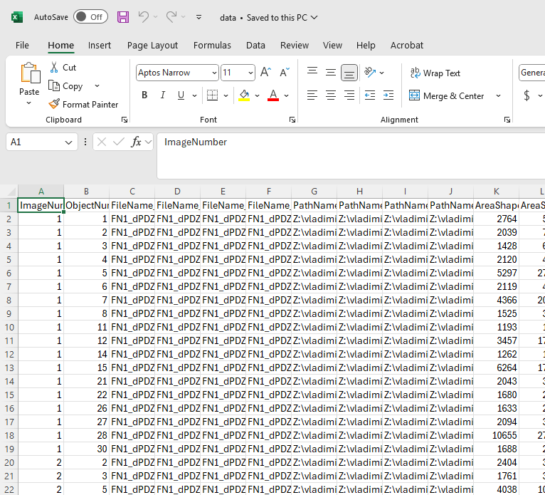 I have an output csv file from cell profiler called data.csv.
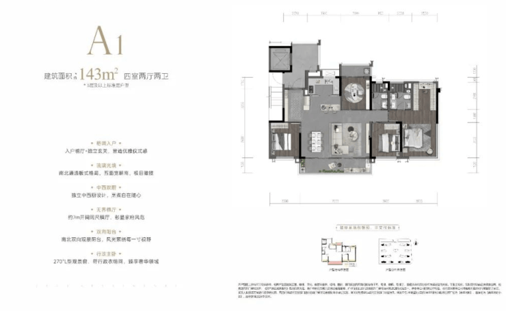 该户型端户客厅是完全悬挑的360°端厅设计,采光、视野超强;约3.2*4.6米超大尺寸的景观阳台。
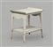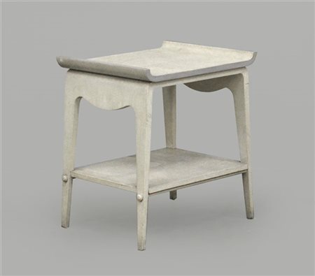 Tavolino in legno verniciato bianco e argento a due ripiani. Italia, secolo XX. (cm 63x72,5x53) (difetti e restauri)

Exercise goal = Copy exactly what appears from the line holding "该户型端户客厅是完全悬挑的3" to the end of the material, keeping both end lines. Pictures are not part of the copy.

Result below =
 该户型端户客厅是完全悬挑的360°端厅设计,采光、视野超强;约3.2*4.6米超大尺寸的景观阳台。
 Tavolino in legno verniciato bianco e argento a due ripiani. Italia, secolo XX. (cm 63x72,5x53) (difetti e restauri)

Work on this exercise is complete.